**PROBLEM DESCRIPTION:** In the copy of the lines below, leave out pictures and print everything else exactly.

**PROVIDED MATERIAL:**
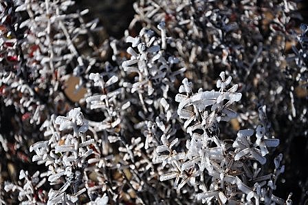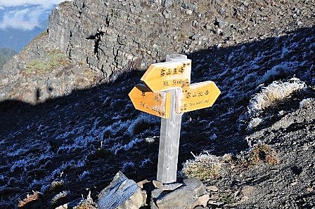 07:23 雪山、雪山北峰四叉路,先後從翠池山屋出發的六人,又在此聚集在一起了,凜冽的狂風讓我打消了上北稜角的念頭,不過既然天氣不錯還是再上主峰去看看吧!休息了10分鐘拍照後,其他山友取陡下圈谷的捷徑下山,我則繼續上雪山主峰。稜線附近低矮的植物都結了霜花、霧淞,頗令人賞心悅目。
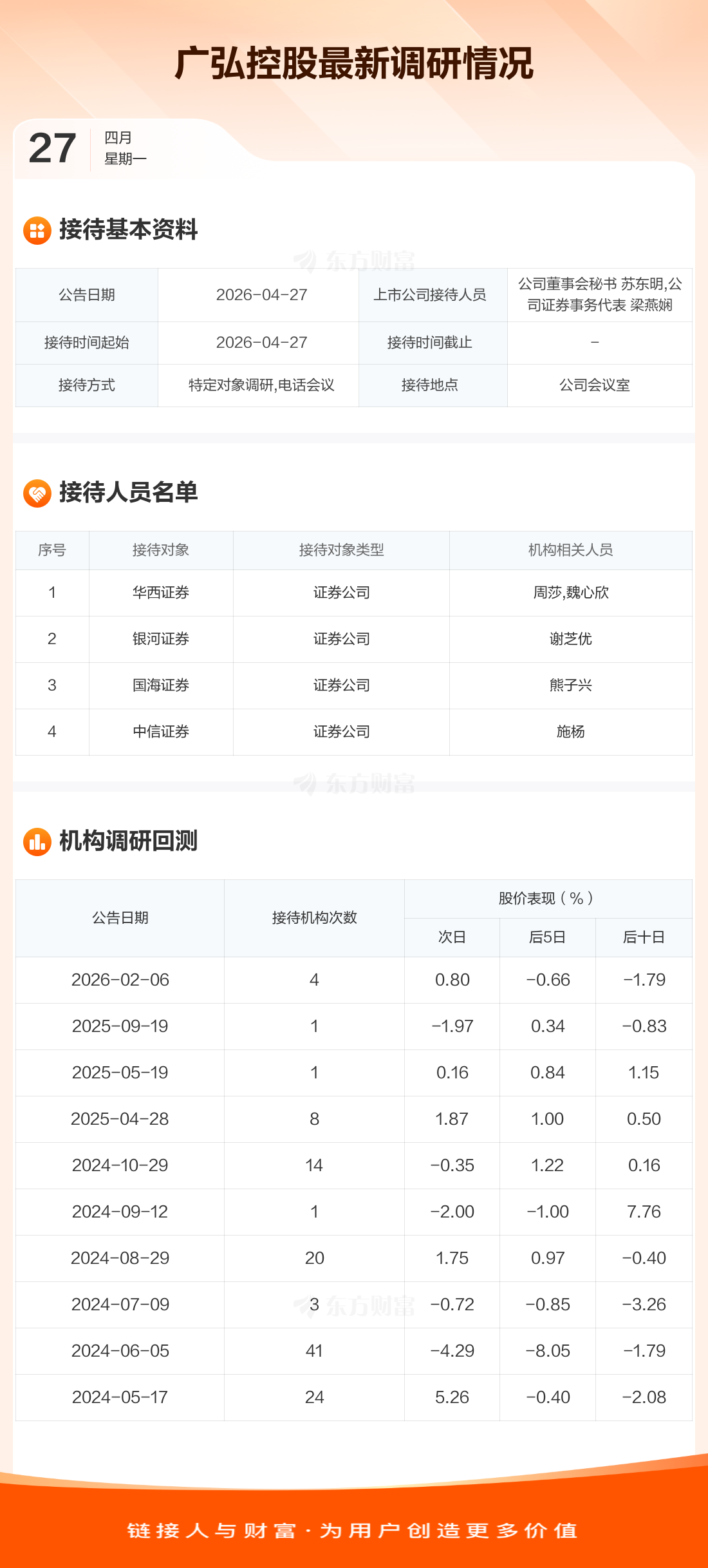 广弘控股4月27日公告称,4月27日接待华西证券等4家机构调研。接待人员包括公司董事会秘书 苏东明,公司证券事务代表 梁燕娴。
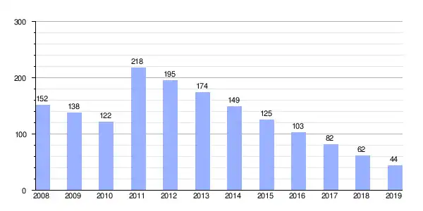 Deuda viva del Ayuntamiento de Villanueva del Duque en miles de Euros según datos del Ministerio de Hacienda y Ad. Públicas.[2]
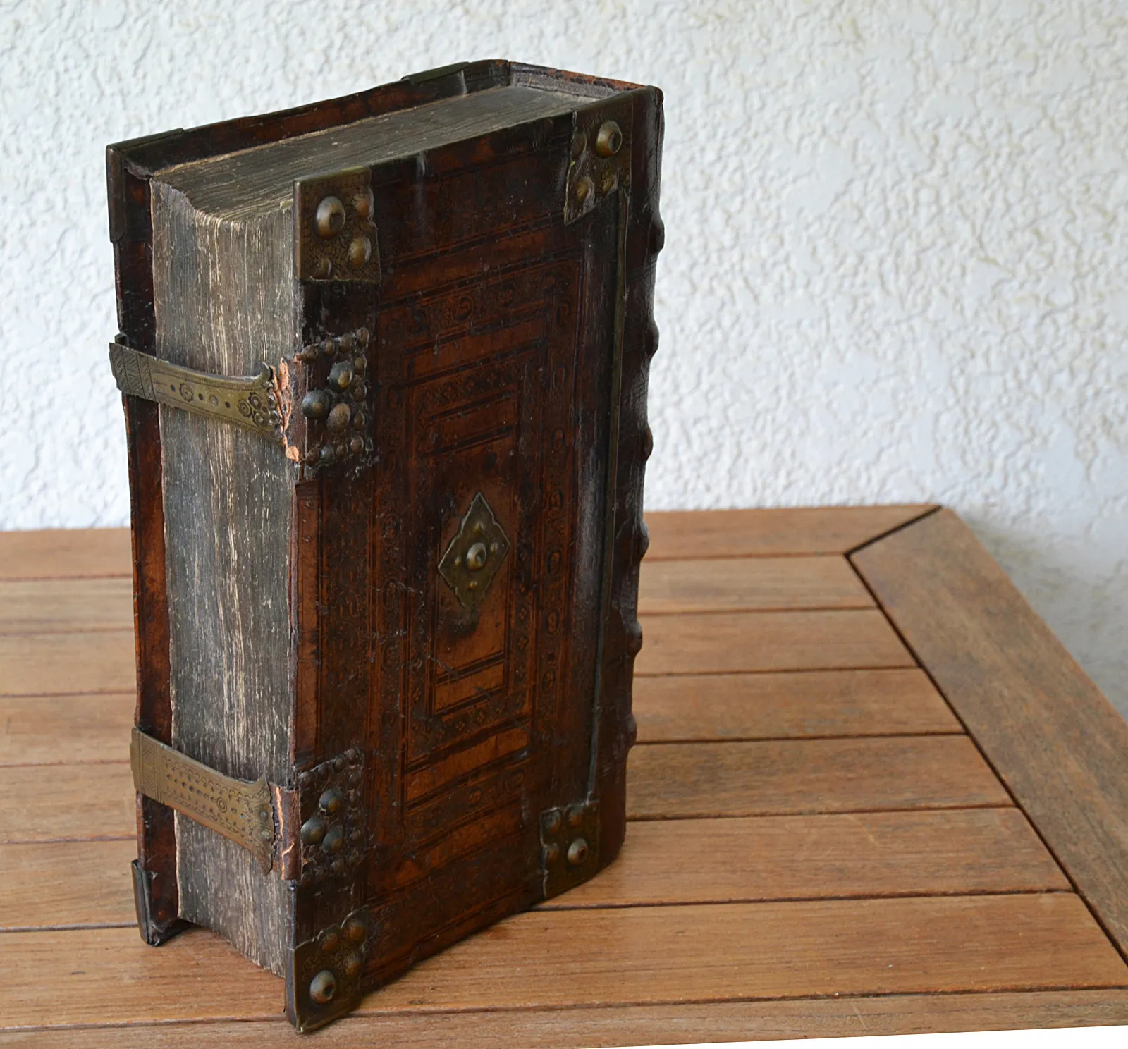 Spectaculaire Bible protestante hollandaise du début du XVIIe siècle en veau brun estampé sur ais de bois, avec cabochons et fermoirs en métal, remarquablement conservée.

**RESULT OF THE TASK:**
 07:23 雪山、雪山北峰四叉路,先後從翠池山屋出發的六人,又在此聚集在一起了,凜冽的狂風讓我打消了上北稜角的念頭,不過既然天氣不錯還是再上主峰去看看吧!休息了10分鐘拍照後,其他山友取陡下圈谷的捷徑下山,我則繼續上雪山主峰。稜線附近低矮的植物都結了霜花、霧淞,頗令人賞心悅目。
 广弘控股4月27日公告称,4月27日接待华西证券等4家机构调研。接待人员包括公司董事会秘书 苏东明,公司证券事务代表 梁燕娴。
 Deuda viva del Ayuntamiento de Villanueva del Duque en miles de Euros según datos del Ministerio de Hacienda y Ad. Públicas.[2]
 Spectaculaire Bible protestante hollandaise du début du XVIIe siècle en veau brun estampé sur ais de bois, avec cabochons et fermoirs en métal, remarquablement conservée.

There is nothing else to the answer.